There are two definitions of ‘consent’ in ‘sexual cases’:
- A ‘statutory definition’ – which is a definition contained within a piece of legislation.
- a ‘common law definition’ – which has evolved over many years through case-law.
The statutory definition is set-out in s 61HA of the Crimes Act 1900 and applies to three offences:
- Sexual assault under s 61I
- Aggravated sexual assault under s 61J, and
- Aggravated sexual assault in company under s 61 JA.
The common law definition applies to all other ‘sexual offences’ including indecent assault.
In either case, consent (or lack of consent) can be communicated verbally or through the actions of the person who has made the complaint (the ‘complainant’).
Further, whether or not you believed that consent was given will always be assessed from your perspective at the time of the offence based on all the facts and circumstances – the court will not consider what you should have thought or done.
If you honestly and reasonably believed that the complainant gave consent, the charges against you may be dismissed.
Under section 61HA of the Crimes Act, consent is given when a person ‘freely and voluntarily agrees to the sexual intercourse.’
The statutory definition explicitly states a range of situations where consent will not be given, for example, where the other person:
- does not have the capacity to give consent due to their age or mental impairment;
- is unconscious or asleep;
- gives consent under a threat of force or terror; and
- is under a mistaken belief as to the identity of the alleged offender, or that the offender is their spouse, or that the intercourse is for medical or hygienic reasons.
In deciding whether consent was given, the court can look at:
- whether the complainant was severely intoxicated by alcohol or drugs;
- whether there was any intimidation, coercion or threats – even if they don’t amount to ‘threats of force’; and
- whether the alleged offender abused a position of authority.

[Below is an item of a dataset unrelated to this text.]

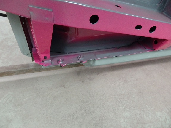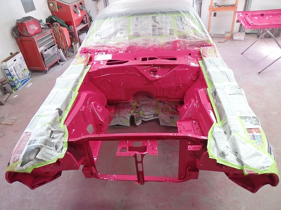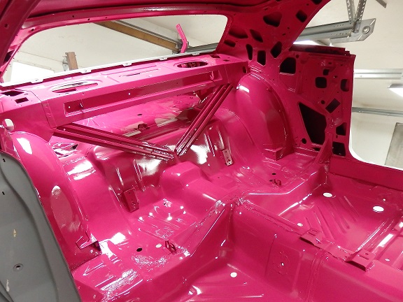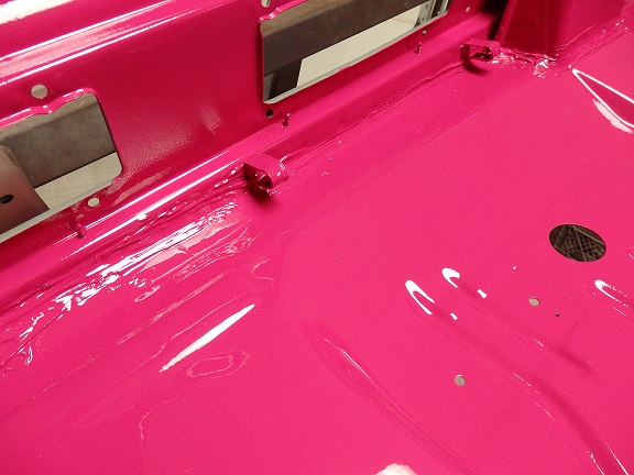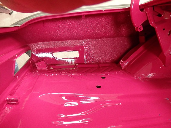 230) Lastly the undercarriage was oversprayed with Panther Pink paint. I tried to replicate what the undercarriage overspray actaully looked like for this car. Technically I'm not done with the undercarriage. Originally the rocker panel pinchwelds were blacked out producing some black overspray over the pink. I am holding off with the blackout until the car is fully painted and buffed. Then I will apply the backout for the radiator support, windshield opening and rockers all at the same time.

- Importantly, the fact that the complainant did not physically resist does not necessarily mean that consent was given.
Those who are under the age of 16, or 18 where there is a relationship of ‘special care’, are unable to provide consent.
In contrast, the common law definition of consent is much more general.
It consists of two ingredients:
1. The complainant did not provide consent;
2. The accused acted despite knowing that consent was not given, or acting recklessly as to whether consent was given or not.
‘Acting recklessly as to whether consent was given or not’ includes situations where:
- it’s demonstrated that you did not care about whether consent was given or not; or
- where it’s shown that you knew that there was a possibility that consent was not given, but you acted anyway.
Both definitions appear to be very similar in terms of their wording and structure.
Consent, or lack of consent can be communicated verbally or through actions in either case.
So, what’s the difference?
The biggest difference is that the statutory definition creates a broader range of cases where consent will not be given – it specifically states that consent will not be given where:
- the victim is unconscious or asleep,
- where they are coerced by threats or force,
- where the victim is under a mistaken belief as to the identity of the offender and so on.
Once again, this definition applies only to three offences: sexual assault (s 61 I); aggravated sexual assault (s 61J) and aggravated sexual assault in company (s 61 JA).
The common law definition is much less restrictive and gives a general definition which does not specify cases where consent will not be given.
Again, this definition applies to sexual offences other than those described above, such as indecent assault and aggravated indecent assault.